This will take the Dillon Taylor shooting off of the front page.
Darrien Hunt’s family says it can figure only one reason that Saratoga Springs police would shoot to death a “timid” 22-year-old in the back, even if he had what they call a “toy” sword: He was black, and treated with extra suspicion because of it.
“It’s difficult to make any sense out of the situation any other way,” said Cindy Moss, the aunt of Hunt and acting family spokeswoman, on Saturday.
Saratoga Springs police issued a written statement saying claims that its officers’ actions were a result of Hunt’s race “are completely unfounded and speculative. Our officers responded to a call for service and addressed the situation that was presented to them.”
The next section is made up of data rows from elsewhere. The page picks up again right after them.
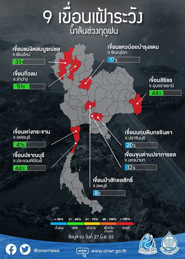 อย่างไรก็ตาม ในช่วงฤดูฝนนี้ ยังคงติดตามเฝ้าระวังสถานการณ์น้ำในอ่างเก็บน้ำที่มีปริมาตรน้ำมากกว่า 80% ของปริมาณน้ำใช้การด้วย เนื่องจากในช่วงเดือนส.ค.-ก.ย.ประเทศไทยจะกลับมามีฝนตกชุกหนาแน่นและต่อเนื่อง ที่ก่อให้เกิดสภาวะน้ำท่วมฉับพลัน น้ำป่าไหลหลาก รวมทั้งน้ำล้นตลิ่งในหลายพื้นที่ได้ โดยขณะนี้อ่างขนาดใหญ่ยังสามารถรองรับปริมาณน้ำฝนได้อีกมาก มีเพียงอ่างเก็บน้ำขนาดกลางที่มีปริมาณน้ำเกินกว่า 80% ของความจุ จำนวน 8 อ่าง แยกเป็น ภาคเหนือ 2 แห่ง ภาคตะวันออกเฉียงเหนือ 3 แห่ง ภาคตะวันอออก 2 แห่ง และภาคใต้ 1 แห่ง รวมถึง สทนช.ยังอำนวยการ กำกับ ติดตาม ให้ทุกหน่วยงาน เตรียมความพร้อมรับมือในช่วงฤดูฝนนี้อย่างต่อเนื่อง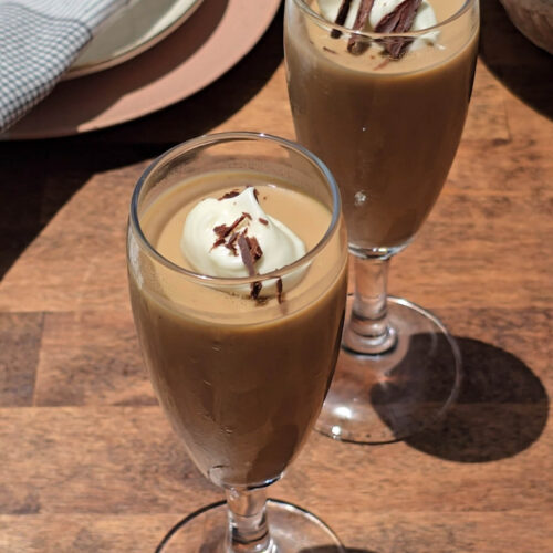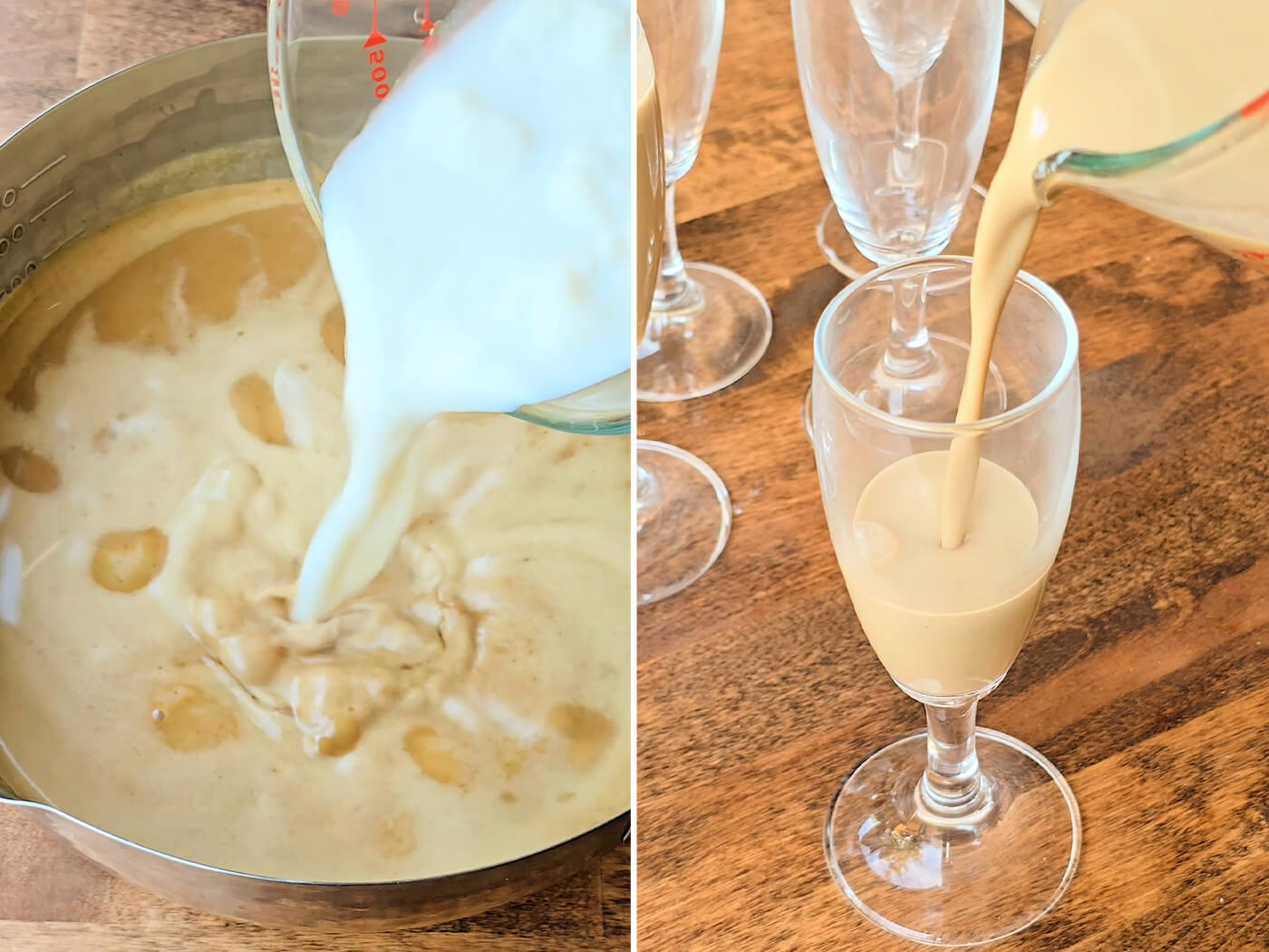 Remove from heat and immediately whisk in the gelatin milk mixture until smooth. Strain into glass containers of your choice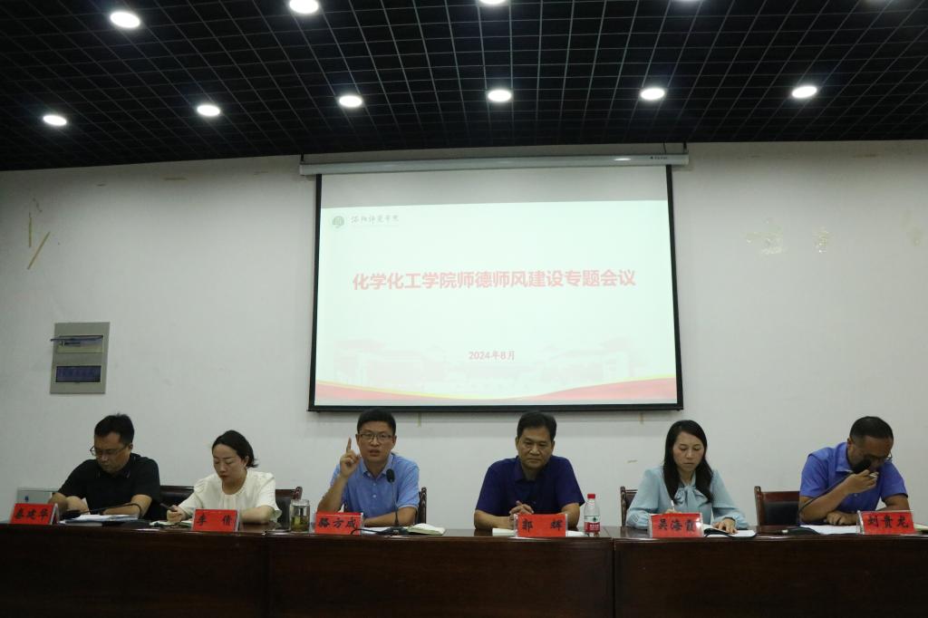 为切实加强新形势下师德师风建设工作,有效防范化解师德失范风险隐患,营造尊师重教良好氛围,8月30日下午,化学化工学院于化学楼215会议室开展师德师风专题教育会议,化学化工学院全体教职工参加会议。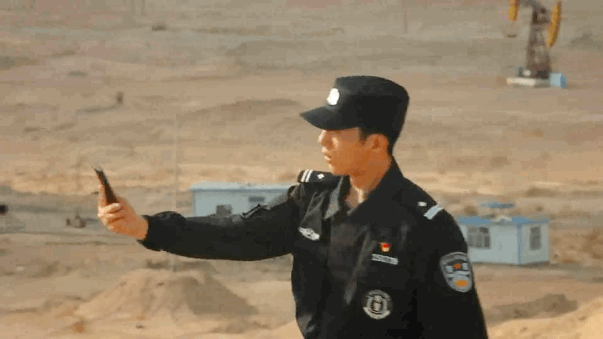 (抽油机前找信号的路队有点帅~)

The Utah County Attorney’s Office, which is investigating the incident, also issued a statement saying, “There is currently no indication that race played any role in the confrontation.”
The family’s assertion comes amid still-ongoing protests in Ferguson, Mo., over the police shooting of an unarmed young black man — and cries that blacks are still treated differently by law enforcement. But it also comes as former Saratoga Springs Mayor Mia Love is the favorite to become the first black Republican woman ever elected to Congress.
Hunt was the son of a white mother and a black father. Moss, a white aunt, said she has tended not to believe stories by her sister’s family of mistreatment of blacks in today’s world, “and I don’t like it when the race card is played. It’s easy for us as whites to dismiss it.”
But Moss says her view changed in recent days as the family has tried to figure out what happened in the shooting, and she watched personally how some of her black nephews and nieces are treated.